Taxonomy and Biology

Until recently, the order Anseriformes (“waterfowl,”) has contained two families: (1) Anatidae, which includes the familiar ducks, geese, and swans and (2) Anhimidae, which includes the three species of very “un-duck-like” screamers native to South America. Recently, the Australian magpie goose, Anseranas semipalmata has been elevated to its own unique familial status on the basis of genetic studies, and the family Anseranatidae has increased the number of families under Anseriformes to three^30,31 (Figure 16-1).

The anatomic features of Anatidae and Anseranatidae are familiar to most veterinary practitioners—webbed feet, soft sensitive bills, relatively long necks with short legs, strong wings, and plumage that often includes heavy down feathers. The family of screamers is a bit more unusual.
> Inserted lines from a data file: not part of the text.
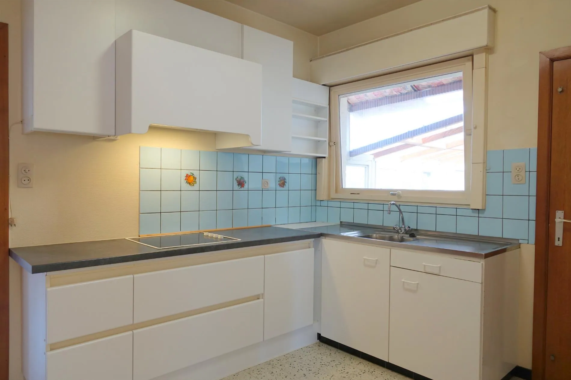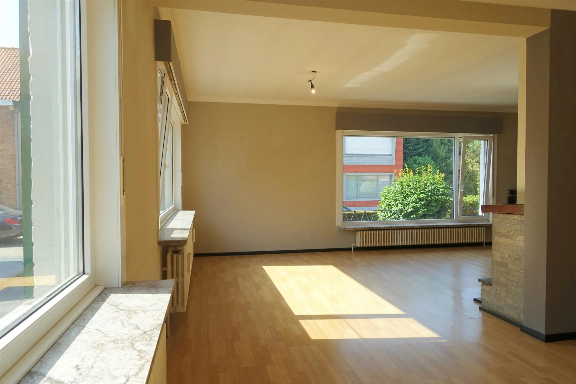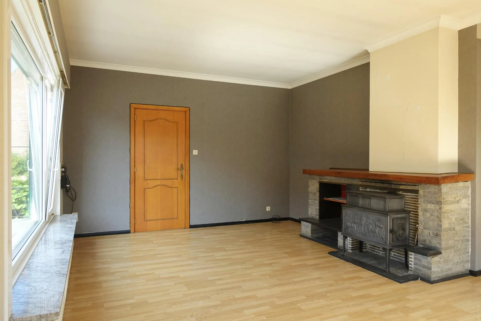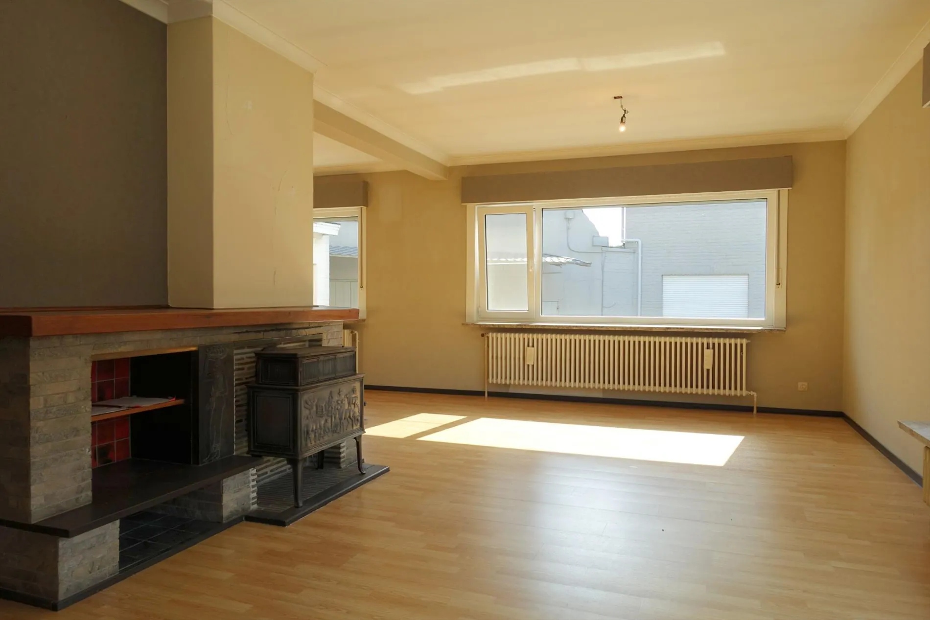 In de Vedastusstraat, op een boogscheut verwijderd van Jabbeke Dorp treffen we deze leuke gelijkvloerse woning aan. De woonst wordt ingedeeld in een ruime inkomhal, grote lichtrijke leefruimte met houtkachel, een aparte leefkeuken, een grote wasplaats/bergruimte, een koel keldertje, een ruime garage, 2 ruime slaapkamers, een badkamer met ligbad en toilet, een aangebouwde veranda die uitgeeft op de grote groene achtertuin en een extra berging met een 2de toilet. De woning werd recent volledig uitgerust met dubbele beglazing en er wordt nog een nieuwe, automatische garagepoort geplaatst. Neem contact op met ons kantoor voor een bezoek aan deze leuke woonst!
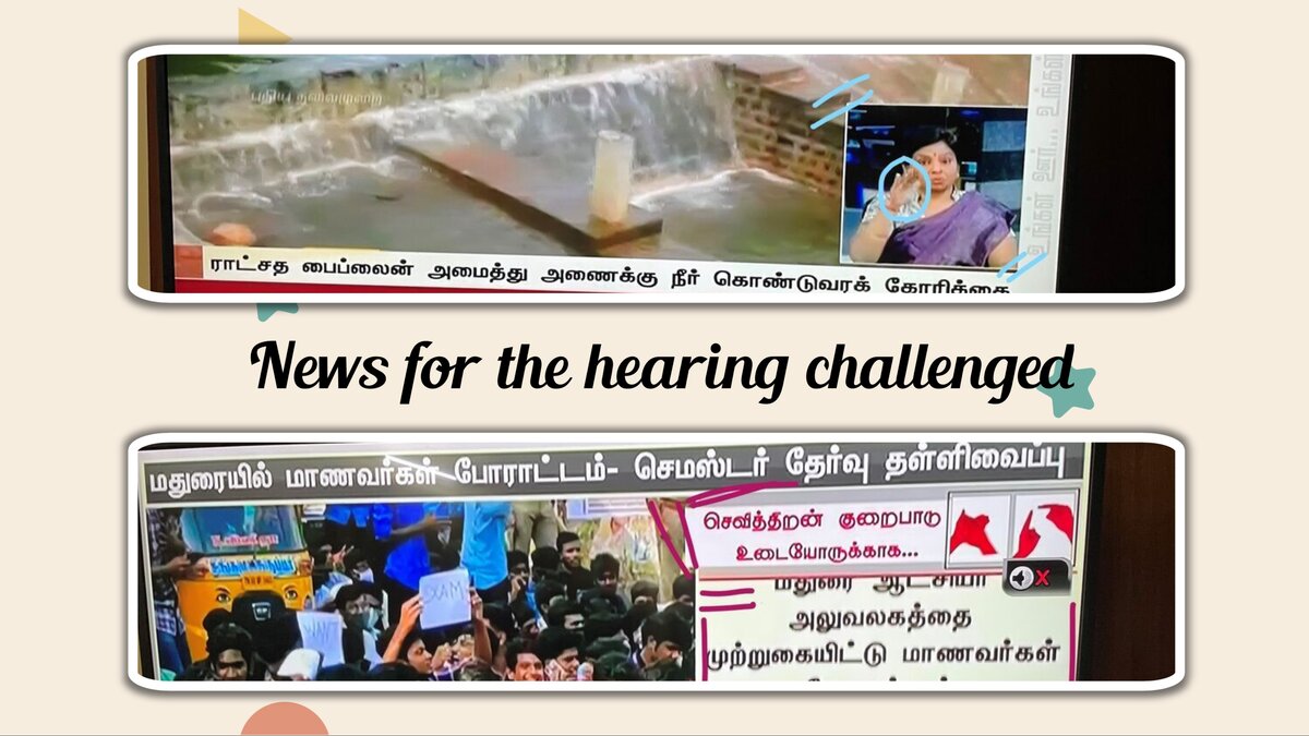 ரொம்ப நாட்களாக செய்கிறார்கள் போல, நான் இன்று தான் கவனித்தேன். தமிழ் செய்தி டிவி சேனல்களில் கேட்கும் குறைபாடு உள்ளவர்களுக்காக ஒலியாக வாசிக்கின்ற செய்தியை, செய்கை முறையில், எழுத்தில் கொடுக்கிறார்கள். இது வரவேற்க வேண்டிய முயற்சி. சன் நியூஸ் சேனலுக்கும், புதிய தலைமுறைக்கும் வாழ்த்துக்கள்.
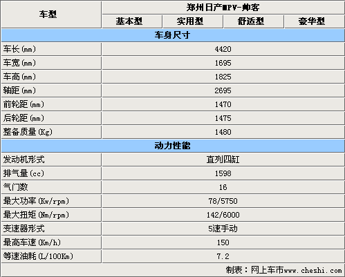 鄭州日產(chǎn)即將投產(chǎn)的帥客分為四款車(chē)型,這四款車(chē)型的長(zhǎng)寬高都分別達(dá)到4420/1695/1825毫米,軸距也達(dá)到了2695毫米,這些數(shù)據(jù)確保了其寬敞的內(nèi)部空間。1470毫米和1475毫米的前后輪距保障了帥客的操控性能。動(dòng)力方面帥客搭載了1.6升直列四缸發(fā)動(dòng)和5速手動(dòng)變速箱,最高時(shí)速可以達(dá)到150公里/小時(shí)。
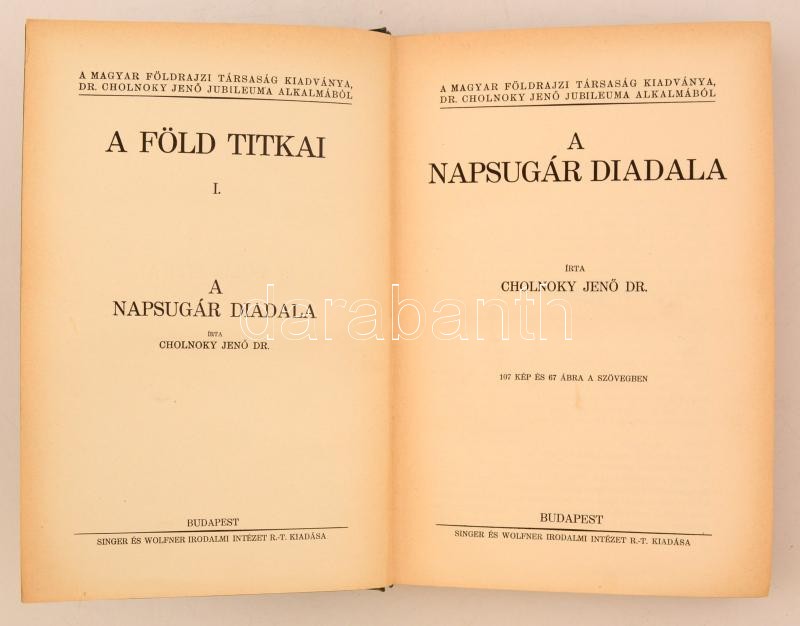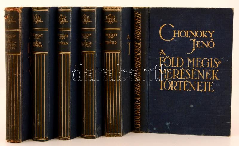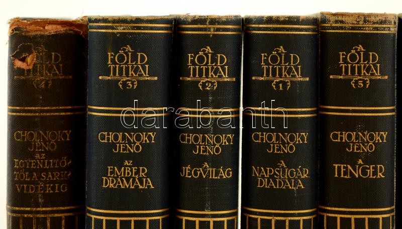 Cholnoky Jenő: A Föld titkai I-V.+A föld megismerésének története. I. A napsugár diadala. 107 kép és 67 ábra a szövegben. 314 p. II. A jégvilág. A sarkkutatások története. Második 1929-ig kiegészített és átdolgozott kiadás. 67 kép és 14 ábra a szövegben. 231 p. III. Az ember drámája. 117 kép és 70 ábra a szövegben. 351 p. IV. Az egyenlítőtől a sarkvidékig. 135 kép és 46 ábra a szövegben. 331 p. V. A tenger. 138 kép és 83 ábra a szövegben. 323 p. + A Föld megismerésének története. 130 kép és 57 ábra a szövegben. 354 p. Budapest, 1930-32, Singer és Wolfner. Kiadói aranyozott egészvászon kötésben. A Föld megismerésének története c. kötetnek a kötése eltér a többitől, nem ennek a kiadásnak a része. A borítók kopottak, a IV. kötet gerince némileg sérült, és az előzéklapjai szakadtak, hiányosak. A kötések egy része laza. Minden kötet fotókkal, ábrákkal térképvázlatokkal gazdagon illusztrálva.
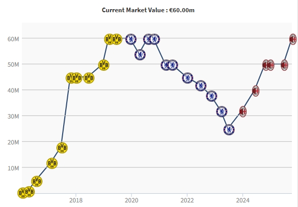 普利西奇曾在2019、2020年服从多特和切尔西技巧身价达到6000万欧,尔后一皆下落至2500万欧。
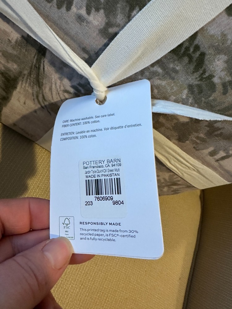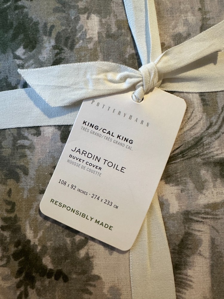 Pottery Barn Jardin Toile King Duvet cover Green New with tags...
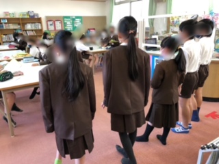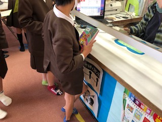 図書係の子どもたちが前で話をしています。その後、本の返却・貸し出しとなりました。
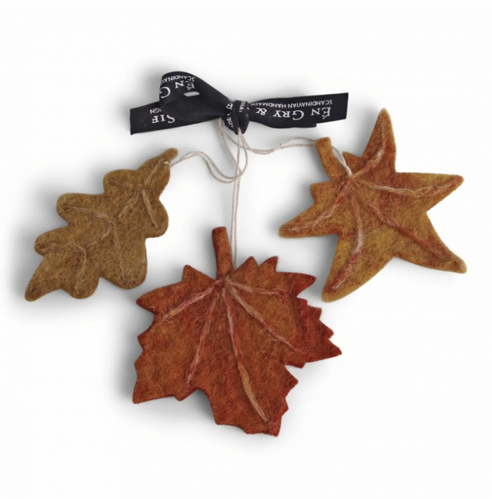 Bring efterårets varme farver ind i hjemmet med dette sæt af 3 håndlavede filtblade fra Gry & Sif. Sættet består af tre forskellige blade i smukke, gyldne nuancer, som giver en naturlig og hyggelig stemning i din indretning. Hvert blad er fremstillet i hånden af dygtige nepalesiske kvinder under fair trade-forhold, hvilket gør hvert enkelt stykke unikt.
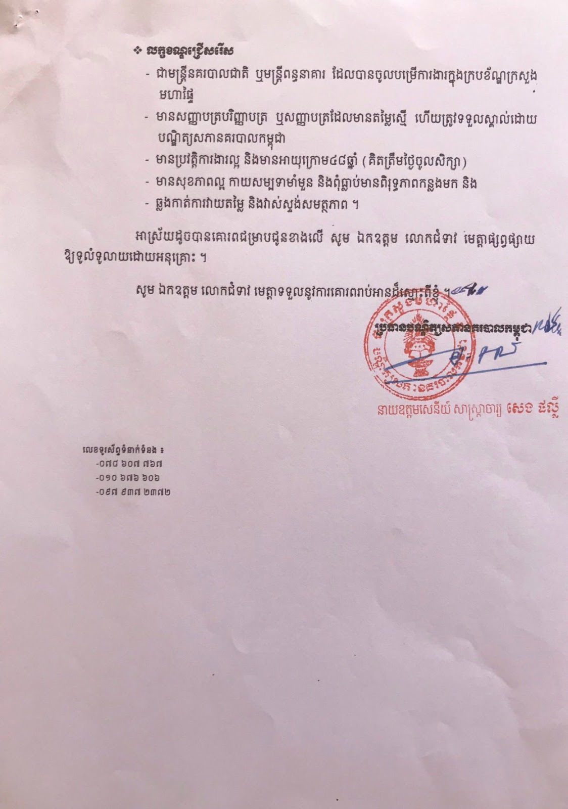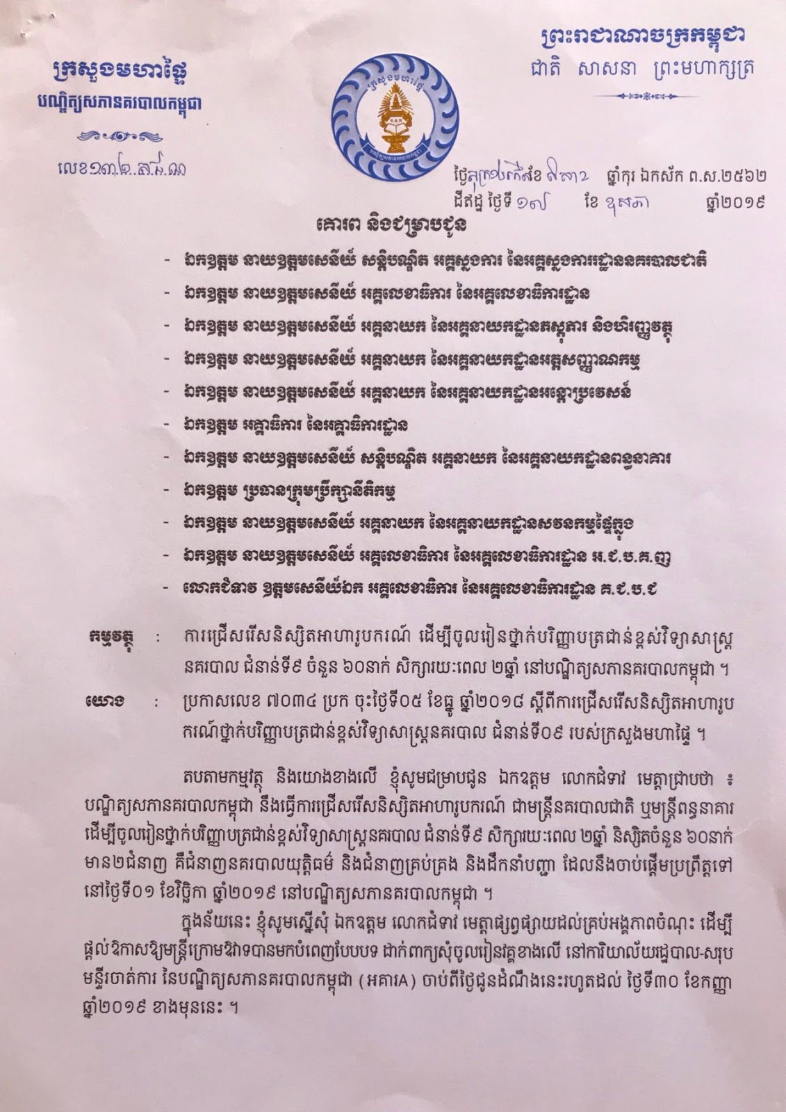 បណ្ឌិត្យសភានគរបាលកម្ពុជា ប្រកាសជ្រើសរើសនិស្សិតអាហារូបករណ៍ ដើម្បីចូលរៀនថ្នាក់បរិញ្ញាបត្រជាន់ខ្ពស់វិទ្យាសាស្ត្រនគរបាល ជំនាន់ទី៩ ចំនួន៦០ នាក់ សិក្សារយៈពេល២ឆ្នាំ នៅបណ្ឌិត្យសភានគរបាលកម្ពុជា។ សូមអានព័ត៌មានលំអិតខាងក្រោម៖

Aptly named for their loud raucous territorial calls, screamers lack the webbed feet and the soft, skin-covered bill of other Anseriformes. In addition, screamers possess complex systems of subcutaneous air sacs that may be contracted rapidly, an action that reportedly may produce a crackling sound!⁴ Additionally, they have extensive pneumatization of their bones, and even their phalanges may be pneumatized. They do not have distinct pterylae, or feather tracts; instead, their feathers are evenly distributed all over their bodies. Wild screamers are strong flyers and tend to form monogamous pairs, although large seasonal congregations occur, too. These birds are entirely herbivorous, and their tongues are keratinized and not fleshy as those of other Anseriformes species.⁴ Screamers are most often encountered in zoologic collections and have bred well in captivity.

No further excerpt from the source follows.